Quantum Entanglement and Superdense Coding in Quantum Computing

Quantum computing, a realm where classical logic often takes a backseat, is often seen as a challenge to comprehend. Yet, by using the B.S. (Before Singularity) and A.S.S. (After Singularity/Superposition) framework, we can scaffold our understanding from classical concepts to quantum ones. Today, we will discuss a fascinating phenomenon – Quantum Entanglement and an application of it – Superdense Coding.

**B.S. (Before Singularity)**

In classical computing or B.S., information is stored in bits which can take a value of either 0 or 1. The state of each bit is independent of the others, meaning changing the state of one bit does not affect the others.

**A.S.S. (After Singularity/Superposition)**

The A.S.S. realm, however, is quite a departure from B.S. In quantum computing, we deal with quantum bits or qubits. A qubit can exist in a superposition of states – being both 0 and 1 at the same time with certain probabilities. Furthermore, qubits can be entangled – a phenomenon where the state of one qubit becomes instantly connected to the state of another, regardless of the distance between them.

**Quantum Entanglement**

In quantum entanglement, two qubits are in a superposition state together. When measured, they will always be found in opposite states. If qubit A is measured and found to be in state 0, then qubit B will automatically be in state 1, and vice versa.

Here is a simple code implementation in Qiskit (a Python library for quantum computing):

python
from qiskit import QuantumCircuit, assemble, Aer, execute
from qiskit.visualization import plot_bloch_multivector, plot_histogram

# Create a quantum circuit with 2 qubits
qc = QuantumCircuit(2)

# Apply a Hadamard gate to the first qubit to put it in superposition
qc.h(0)

# Apply a controlled-not gate
qc.cx(0, 1)

# Visualize the circuit
print(qc)

**Superdense Coding**

Superdense coding is a protocol that allows the transmission of two classical bits of information, by sending only one qubit from an entangled pair. This concept is a direct consequence of quantum entanglement.

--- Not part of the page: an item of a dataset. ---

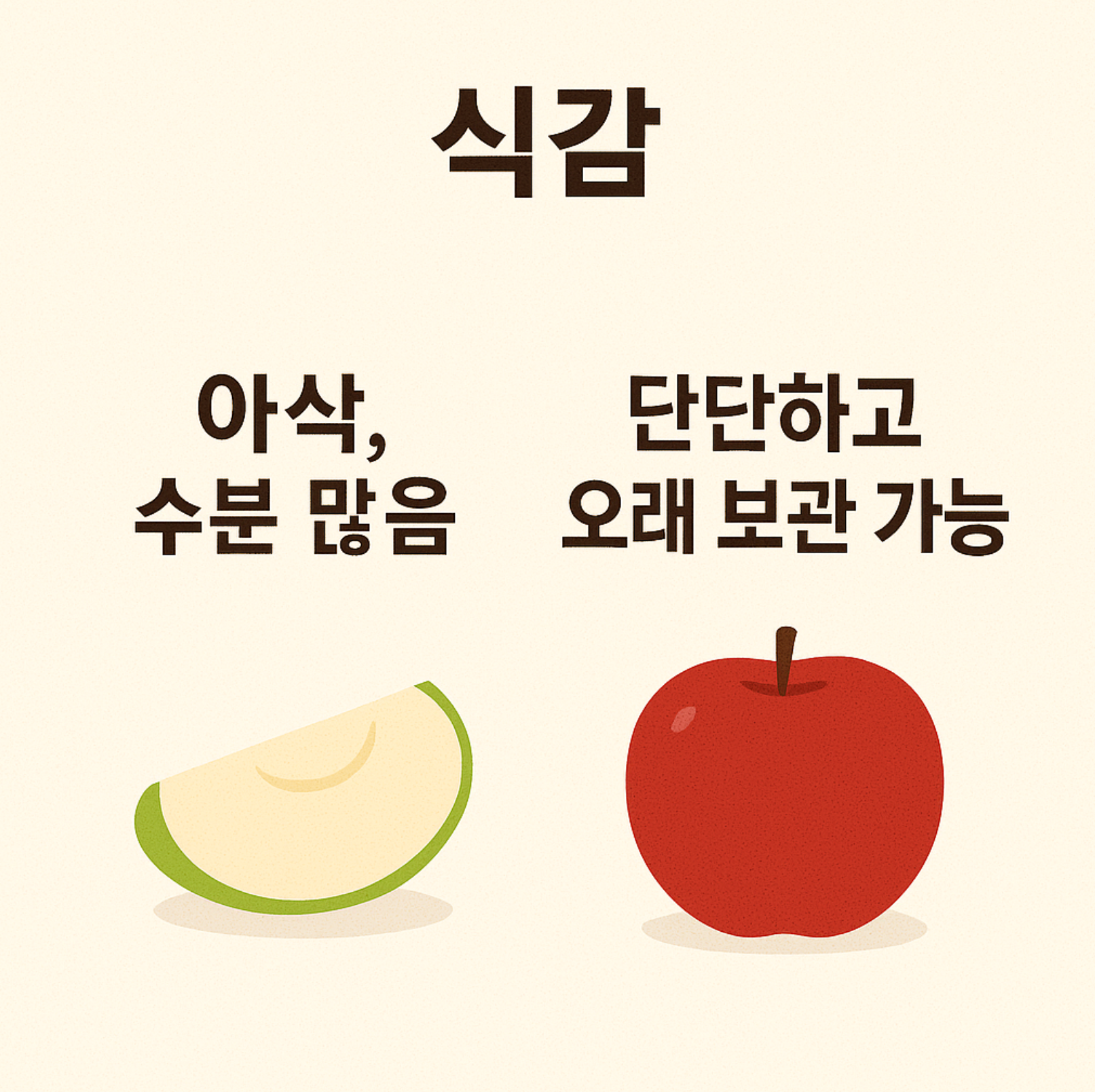 | 식감 | 아삭, 수분 많음 | 단단하고 오래 보관 가능 |

Let’s consider an example where Alice wants to send a two-bit message to Bob. They share an entangled pair of qubits. Alice applies a specific quantum gate to her qubit based on her message, then sends her qubit to Bob. Bob applies a controlled-not gate followed by a Hadamard gate and measures both qubits to read the message.

Here’s a code snippet implementing superdense coding:

python
def superdense_coding(message):
    qc = QuantumCircuit(2)

    # Prepare the Bell pair
    qc.h(0)
    qc.cx(0, 1)

    # Alice prepares her qubit based on the message
    if message == '00':
        pass  
    elif message == '10':
        qc.z(0)
    elif message == '01':
        qc.x(0)
    elif message == '11':
        qc.z(0)
        qc.x(0)

    # Alice sends her qubit to Bob, who applies a cnot gate and a Hadamard gate
    qc.cx(0,1)
    qc.h(0)

    # Bob measures the qubits
    qc.measure_all()

    return qc

In conclusion, quantum computing widens the horizons of classical computing by introducing phenomena such as superposition and entanglement. The B.S./A.S.S. framework allows us to build connections between classical and quantum concepts, making the journey into quantum computing a bit less daunting.